## Work instruction
Look through the data below for the line with "WHO (2025) –" and the line with "НХЛ. Гол Анисимова", then transcribe exactly from the first through the second, leaving out all pictures.

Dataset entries
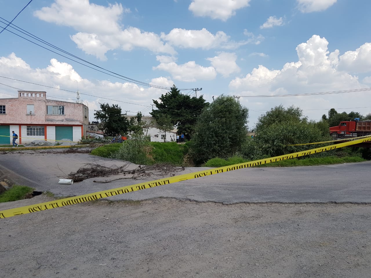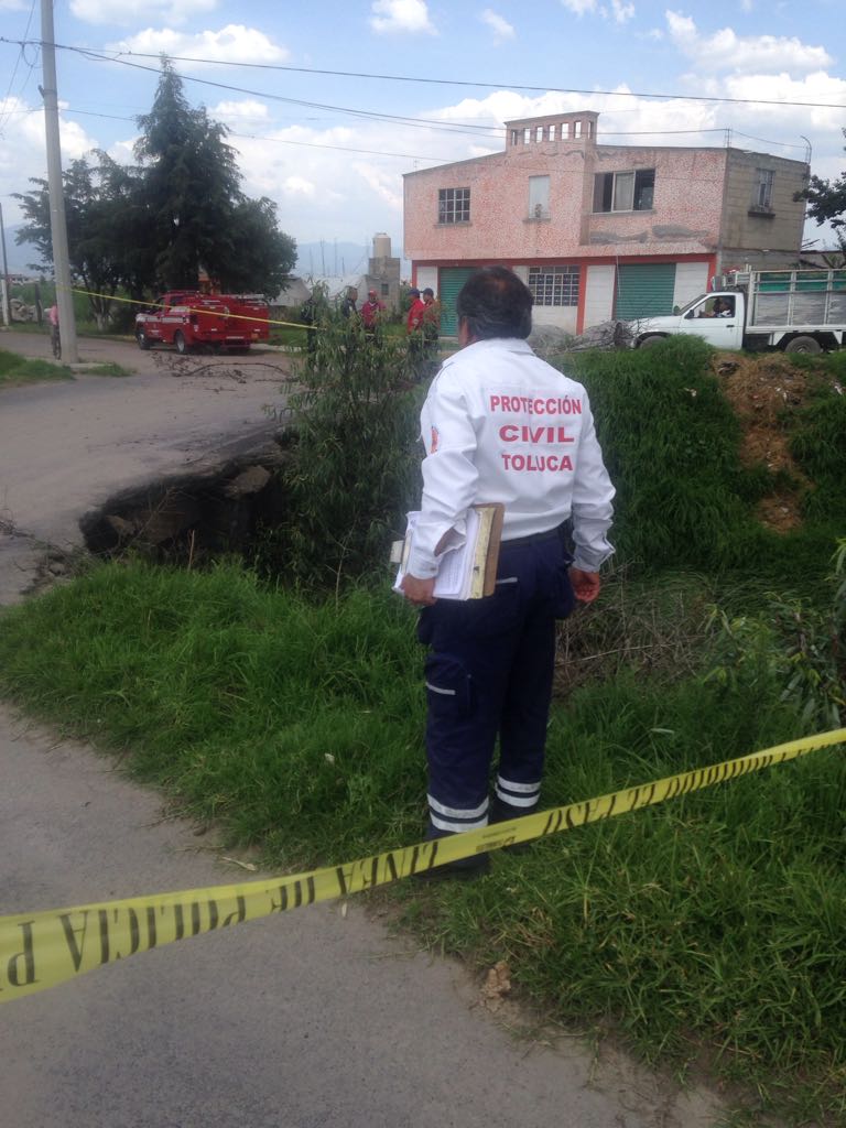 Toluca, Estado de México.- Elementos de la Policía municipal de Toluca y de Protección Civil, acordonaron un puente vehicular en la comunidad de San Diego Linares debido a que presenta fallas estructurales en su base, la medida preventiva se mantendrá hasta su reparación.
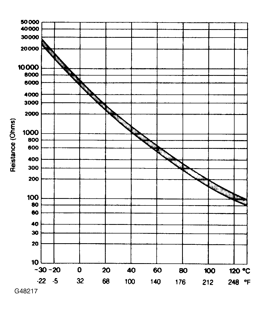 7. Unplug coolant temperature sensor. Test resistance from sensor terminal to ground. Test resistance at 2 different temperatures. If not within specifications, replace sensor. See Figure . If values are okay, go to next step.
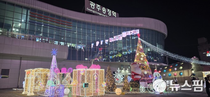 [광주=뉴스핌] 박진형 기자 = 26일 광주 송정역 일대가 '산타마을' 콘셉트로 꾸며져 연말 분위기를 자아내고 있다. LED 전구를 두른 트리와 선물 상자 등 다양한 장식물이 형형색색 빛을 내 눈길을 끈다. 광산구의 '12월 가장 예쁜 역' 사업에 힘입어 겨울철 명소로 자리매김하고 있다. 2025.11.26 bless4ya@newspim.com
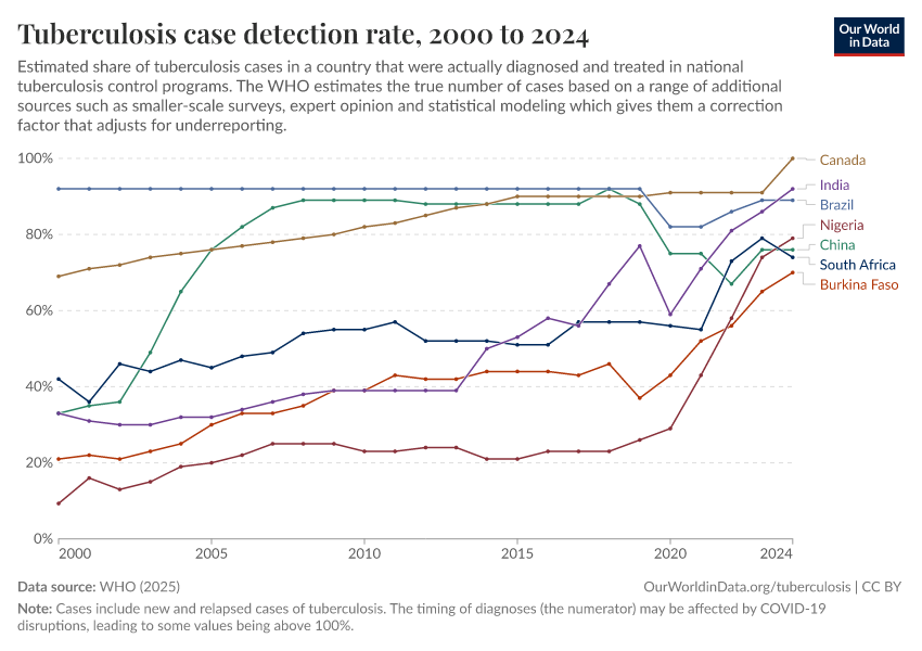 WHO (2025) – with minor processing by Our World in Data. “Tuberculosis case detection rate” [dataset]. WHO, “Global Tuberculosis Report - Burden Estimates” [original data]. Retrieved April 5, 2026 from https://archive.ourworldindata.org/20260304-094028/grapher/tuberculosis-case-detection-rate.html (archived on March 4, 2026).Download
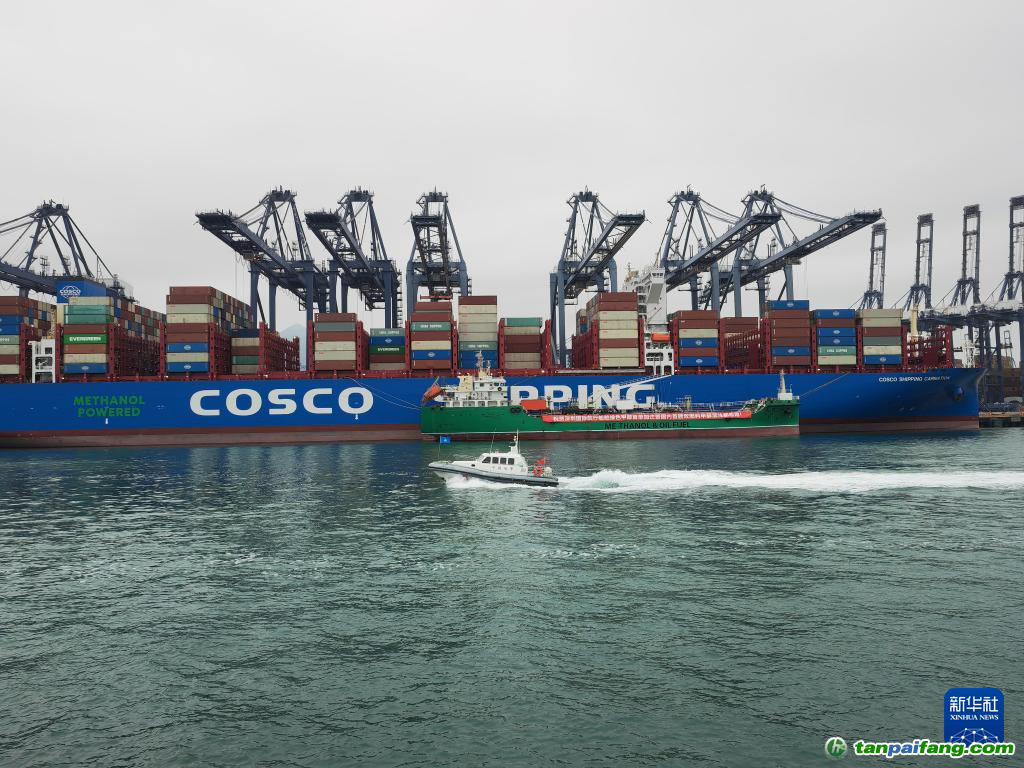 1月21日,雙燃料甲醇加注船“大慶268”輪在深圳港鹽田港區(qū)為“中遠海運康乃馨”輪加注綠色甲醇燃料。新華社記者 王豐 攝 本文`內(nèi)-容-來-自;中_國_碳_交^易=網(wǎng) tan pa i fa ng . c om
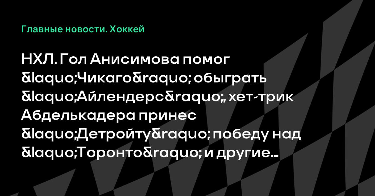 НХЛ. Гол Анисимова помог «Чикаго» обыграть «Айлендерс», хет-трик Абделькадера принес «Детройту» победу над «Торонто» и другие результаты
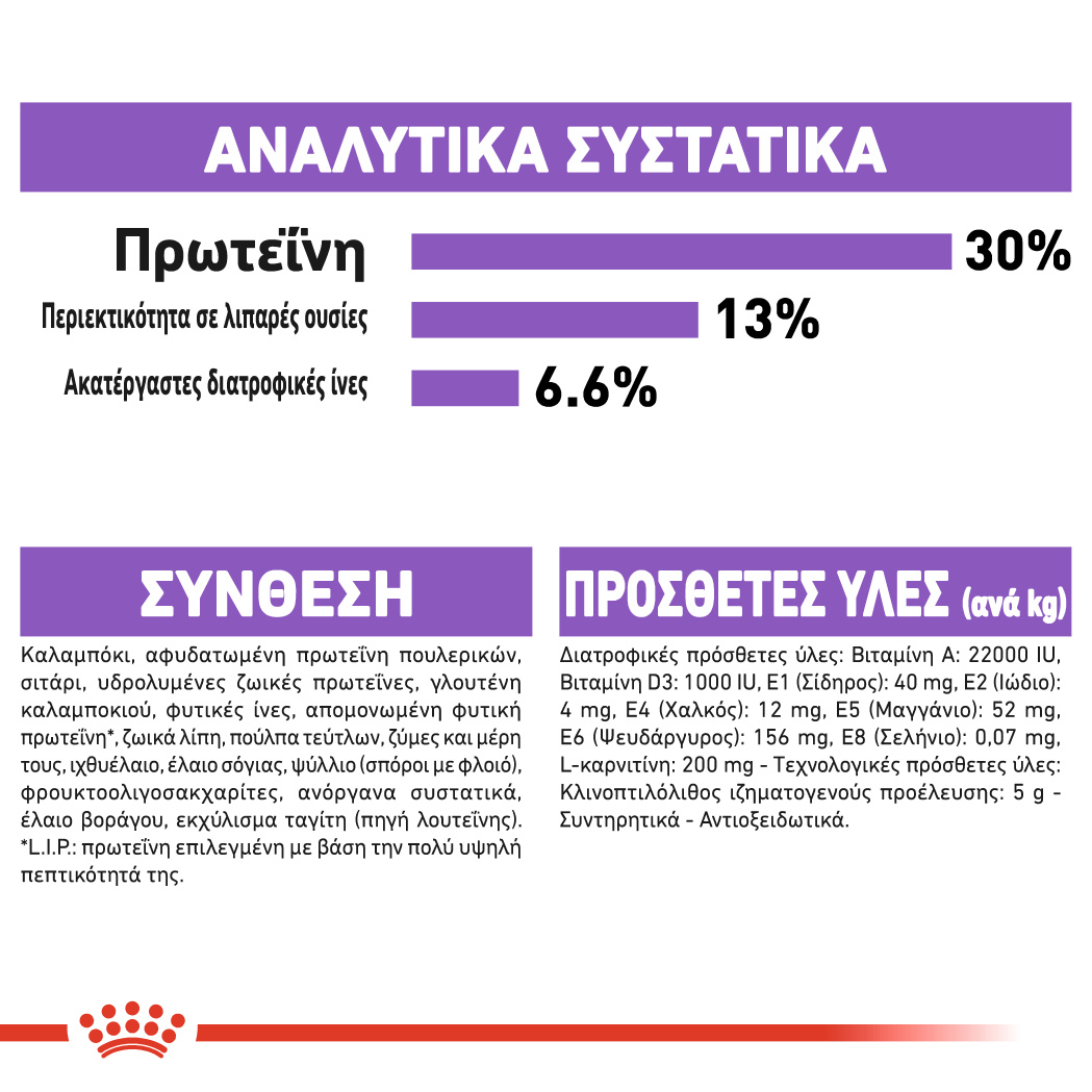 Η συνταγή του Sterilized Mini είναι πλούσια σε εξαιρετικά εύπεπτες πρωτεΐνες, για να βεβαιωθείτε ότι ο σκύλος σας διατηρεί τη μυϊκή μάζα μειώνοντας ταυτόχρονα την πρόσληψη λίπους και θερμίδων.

## Exercise answer
 WHO (2025) – with minor processing by Our World in Data. “Tuberculosis case detection rate” [dataset]. WHO, “Global Tuberculosis Report - Burden Estimates” [original data]. Retrieved April 5, 2026 from https://archive.ourworldindata.org/20260304-094028/grapher/tuberculosis-case-detection-rate.html (archived on March 4, 2026).Download
 1月21日,雙燃料甲醇加注船“大慶268”輪在深圳港鹽田港區(qū)為“中遠海運康乃馨”輪加注綠色甲醇燃料。新華社記者 王豐 攝 本文`內(nèi)-容-來-自;中_國_碳_交^易=網(wǎng) tan pa i fa ng . c om
 НХЛ. Гол Анисимова помог «Чикаго» обыграть «Айлендерс», хет-трик Абделькадера принес «Детройту» победу над «Торонто» и другие результаты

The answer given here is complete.